Failure to Provide and Accurately Document Scheduled Bathing for a Dependent Resident
Penalty
Summary
The deficiency involves the facility’s failure to ensure that a dependent resident received required assistance with activities of daily living (ADLs), specifically bathing, and inaccurate documentation that bathing had been provided. The resident, admitted in 10/2025 with dementia and stroke, had a 10/21/25 admission MDS indicating severe cognitive impairment and dependence on staff for showers. The facility’s 12/2025 CNA task report showed the resident was scheduled for bathing on day shift on Wednesdays and Sundays. On 12/24/25, the task report was blank for bathing, and on 12/28/25, the report documented that the resident received bathing and was dependent on staff for assistance. However, a 12/29/25 facility investigation determined the resident did not receive a bath on 12/28/25 and that it had been falsely documented that bathing occurred. A Facility Reported Incident form dated 12/31/25 further documented that on 12/28/25, a CNA (Staff 5) noted providing bathing to the resident but did not provide any type of bathing. Additional record review showed that the resident’s 3/2026 CNA task report contained no documentation that any type of bathing was provided on 3/11/26. Attempts to contact Staff 5 on 3/16/26 and 3/17/26 were unsuccessful.

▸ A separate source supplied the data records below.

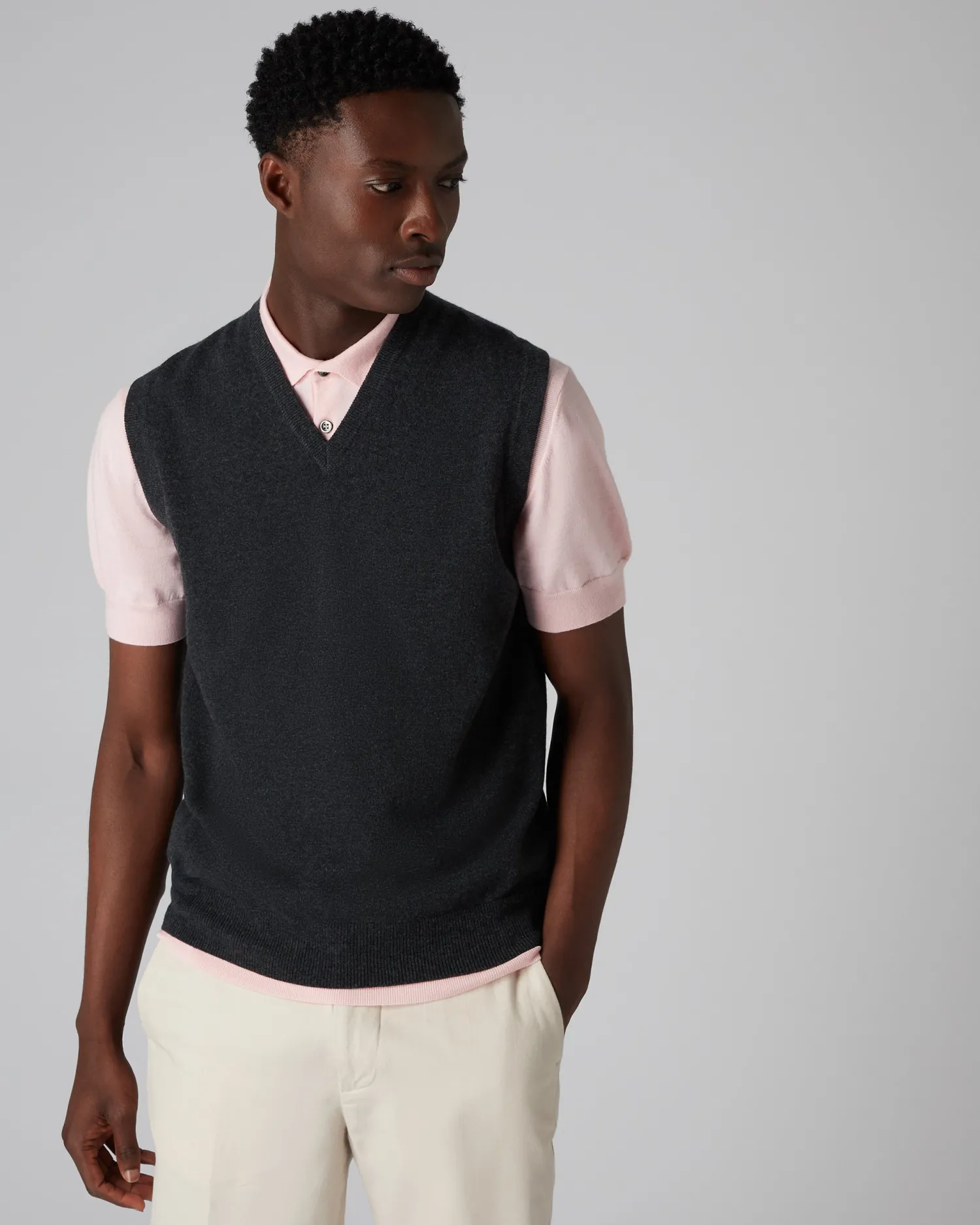 A firm cashmere favourite for many – The Westminster pullover. Made from 100% Mongolian Organic Cashmere – Essential transitional piece – Perfect for layering with shirts or polos – Works perfectly over a shirt in Summer or under a jacket in Winter- Model is wearing size Medium- Care: Hand Wash Organic cashmere: organic dyes and detergents, free from fertilizer and pesticides, find out more herenFind our full range of Men’s Cashmere Slipovers here.
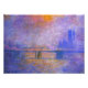 Monet Charing Kor Bridge-utskrift. Oljemålning på arbetsyta 1903. En av Monets vackraste utlämningar av Charing Kor-bron över Thames-floden. Användan av lila, rosa och gulter ger den tvinnade målningen en charmerande dröm som kvalitet. En underbar gåva till fläkt av Claude Monet, imponationism, Thames och Fransk Art.
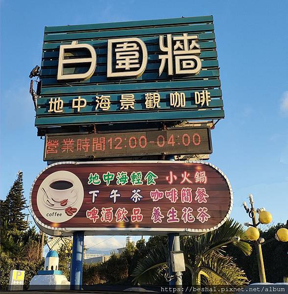 桃園龍潭乳姑山夜景很知名,趁著好天氣來到一家Google評價很高也是我口袋名單~~白圍牆地中海景觀咖啡廳
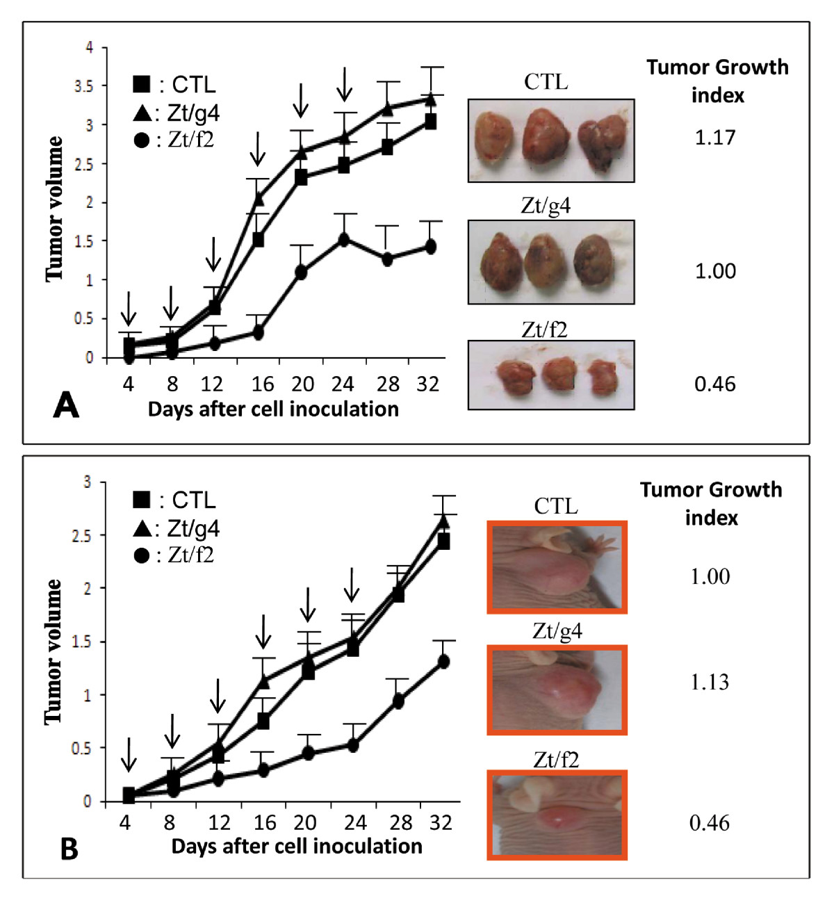 Induction of tumors in Balb/c mice by NIH3T3-RON160 cells (A) or in athymic nude mice by HT-29 cells (B) was detailed in Materials and methods. Tumor bearing mice were randomized into different groups (3 mice per group). Treatment of animals with Zt/f2, Zt/g4, or control mouse IgG at the defined dose and schedule as detailed in Materials and Methods. Mice were euthanized at day 32 in both experiments. The therapeutic effect of Zt/f2 on tumor growth was obtained by comparing tumor volumes among groups. Antibody injection is marked with arrows. Tumor growth index from control mice was set at 1.00 and used to compare the differences among groups.

During interviews, another CNA (Staff 7) stated that on 12/28/25 she observed Staff 5 lay the resident down and, when she asked about bathing, Staff 5 said she would complete the resident’s bathing in the evening; Staff 7 stated she could not perform the resident’s bathing in the evening because she moved to a different hall on evening shift. Another CNA (Staff 21) stated that usually if bathing was not documented in the resident’s record, bathing did not occur. The Regional Nurse (Staff 31) stated that staff should provide scheduled bathing to residents.